Data excerpts section start

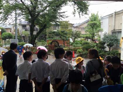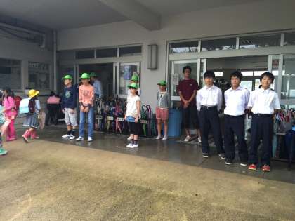 みのりの学び舎の千歳中の校長先生と有志があいさつ運動に加わってくれました。
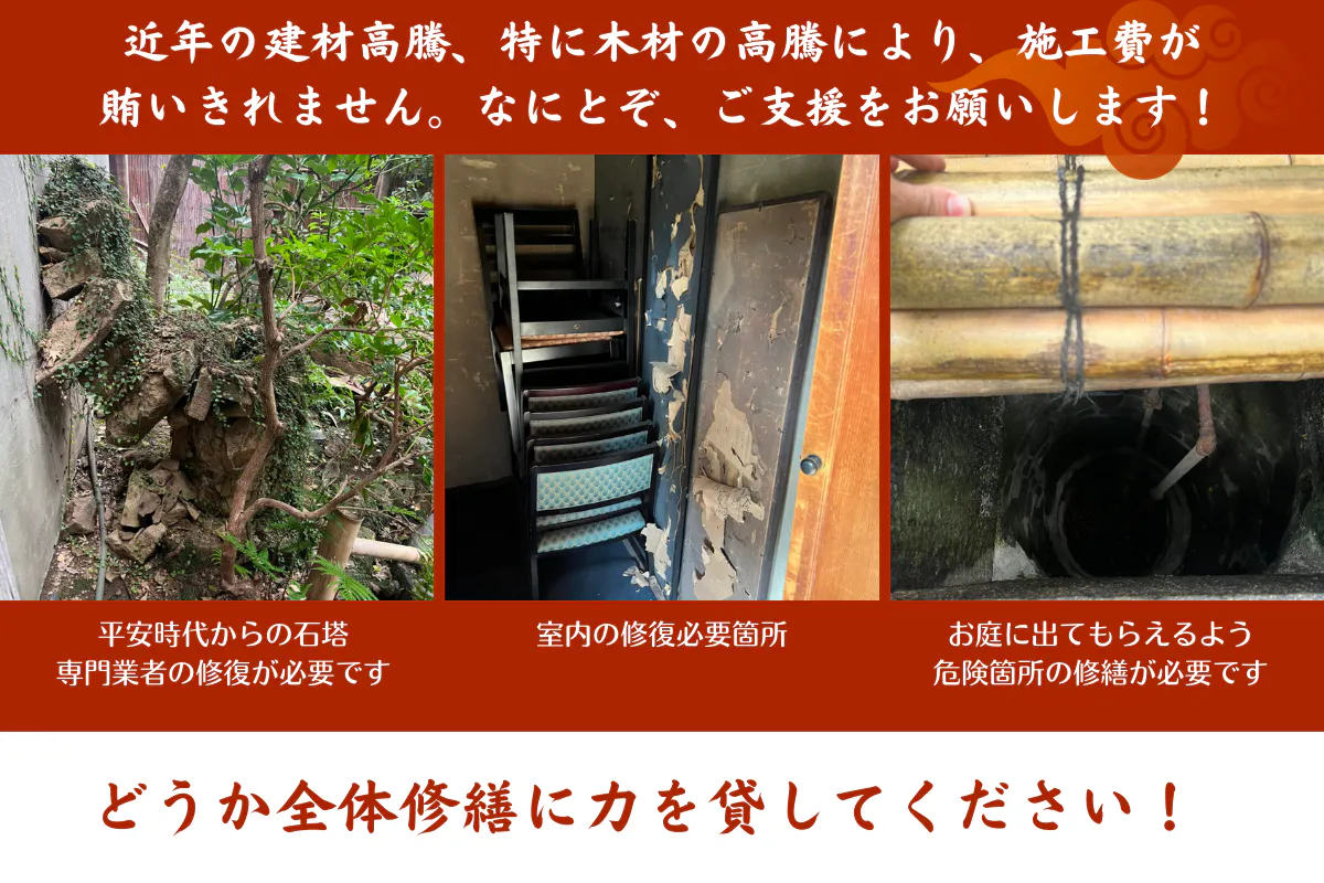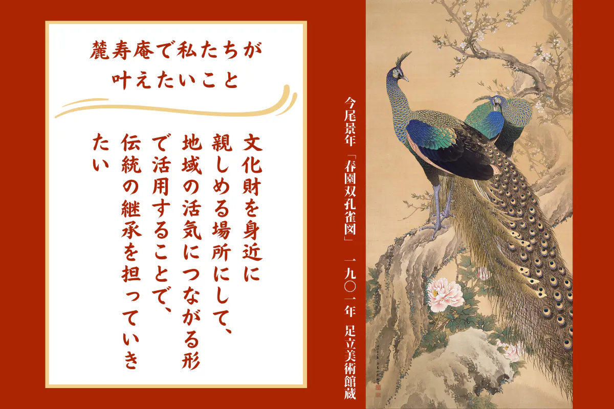 久保家住宅(旧今尾景年家住宅)の全体修繕には、邸宅内だけでなく、庭にも降りて楽しんでもらえるよう、庭の整備も含まれています。一般的な住宅設備等の建築会社ではなく、古民家再生を専門とする建築会社に修繕を依頼し、伝統ある姿はそのままに、お客様が安全に快適にくつろいで過ごせる空間にしたいと考えています。伝統的でありつつ親しめる地域遺産とするため、誰もが愛でて楽しめる場所として花わらび餅のお店「麓寿庵」をひらき、文化の継承・地域活性につなげていきたいのです。
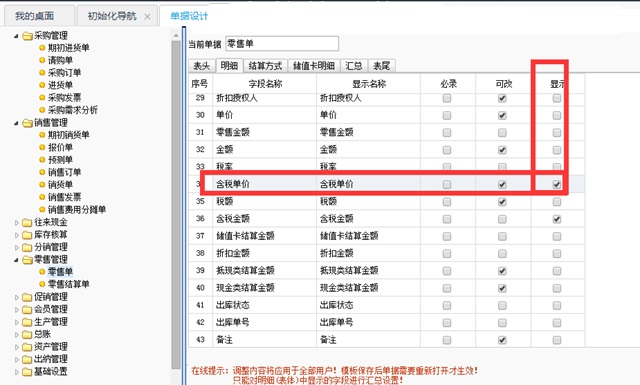 解决方案:登陆用友畅捷通T+软件,点击:系统管理—单据设置—单据设计,零售单上字段不勾显示。然后同步数据。
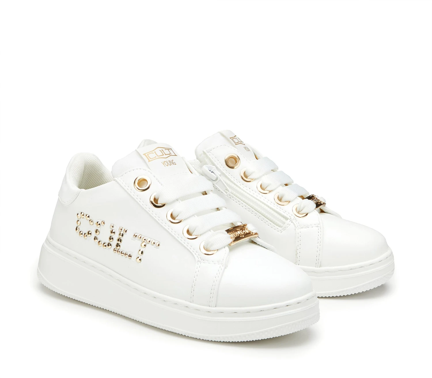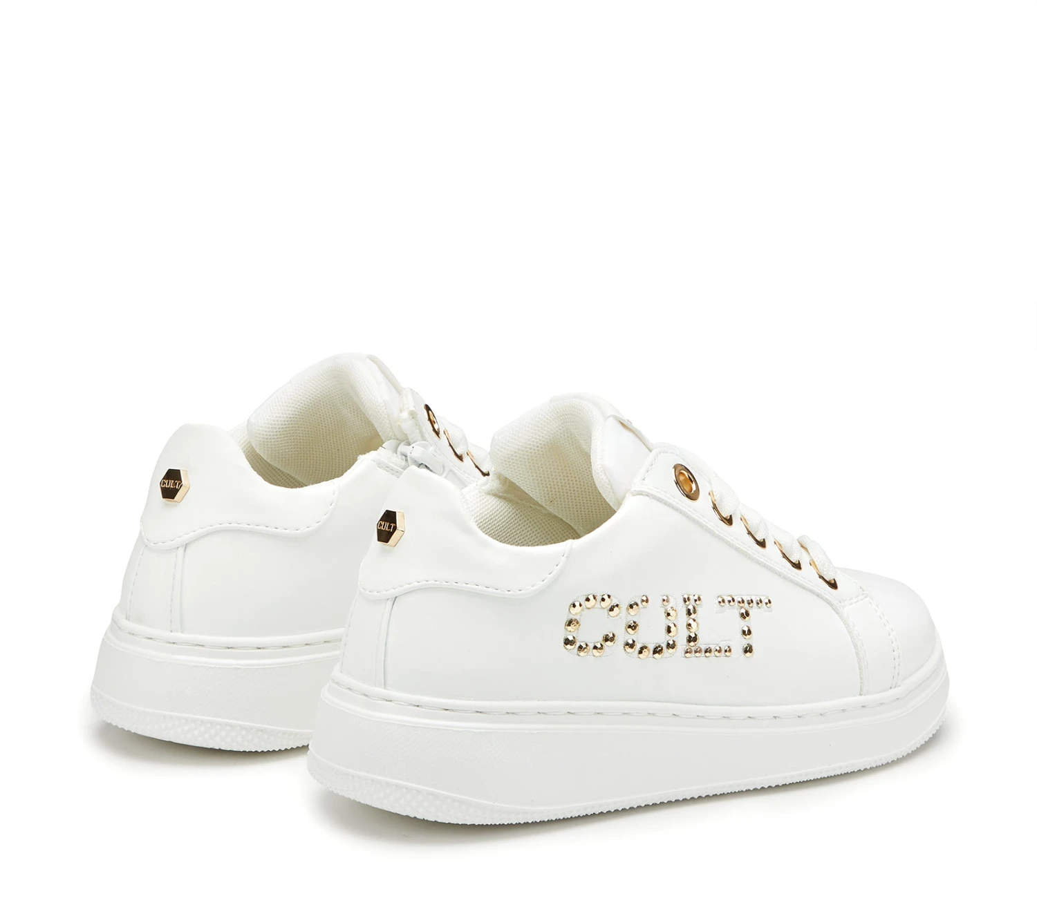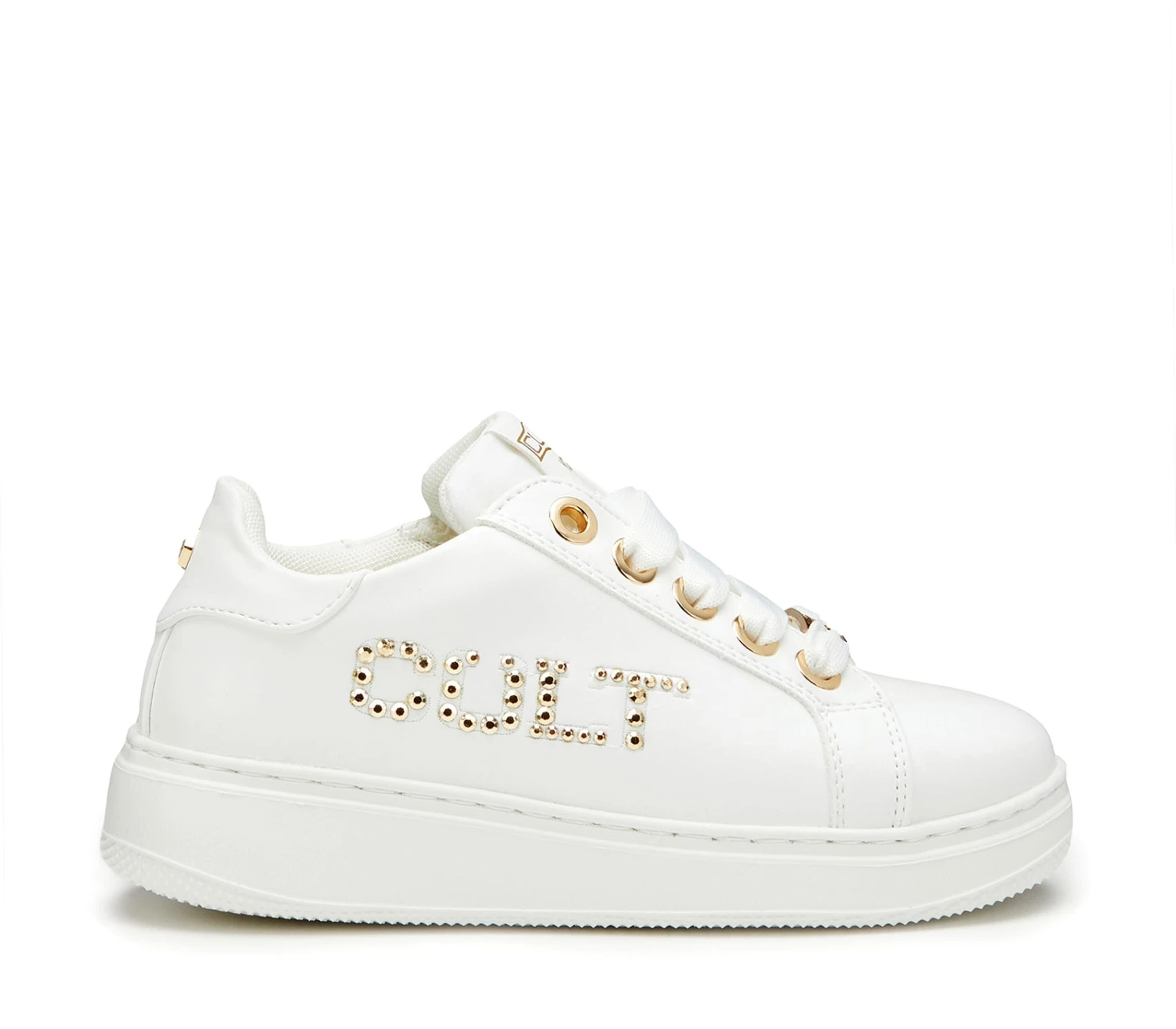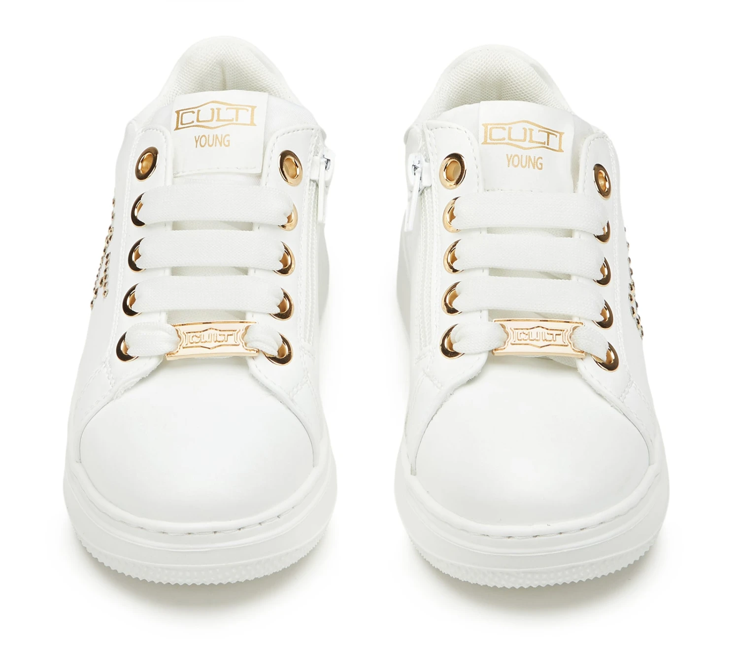 Le sneakers in ecopelle della collezione Cult Kids sono ideali per il guardaroba quotidiano della vostra piccola. Progettate con lacci, presentano un giocoso logo realizazato con le micro borchie in metallo oro sul lato esterno della scarpa.
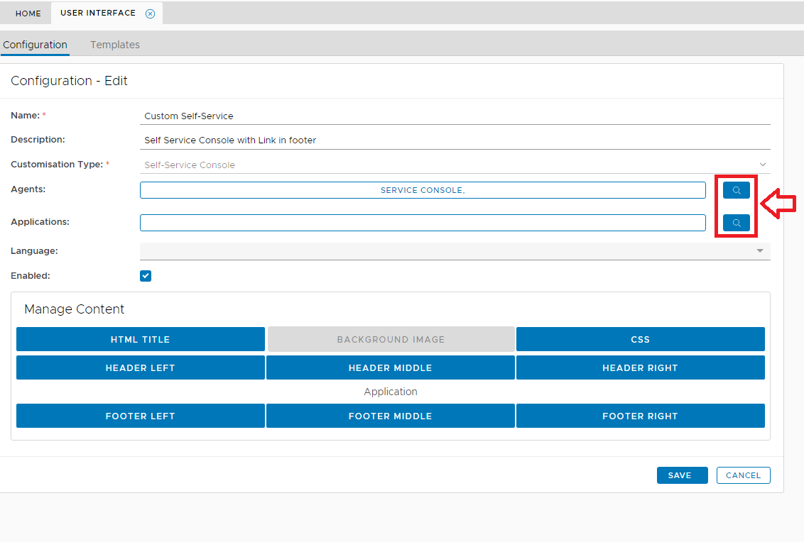 At the prompts "Name:" and "Description:" provide text that relates to the customisation you are about to perform, then at the prompt "Customisation Type:" select which portal is to be customised, then at the prompts "Agents:" and "Applications" click on the search icons (see arrow in the picture above), then select the agent and application that matches your selected customisation type;

Data excerpts section end

**Problem to work on**:
Each line from the one containing "Le sneakers in" through the end of the listing is to be set down exactly, with all pictures left out.

**Response area**:
 Le sneakers in ecopelle della collezione Cult Kids sono ideali per il guardaroba quotidiano della vostra piccola. Progettate con lacci, presentano un giocoso logo realizazato con le micro borchie in metallo oro sul lato esterno della scarpa.
 At the prompts "Name:" and "Description:" provide text that relates to the customisation you are about to perform, then at the prompt "Customisation Type:" select which portal is to be customised, then at the prompts "Agents:" and "Applications" click on the search icons (see arrow in the picture above), then select the agent and application that matches your selected customisation type;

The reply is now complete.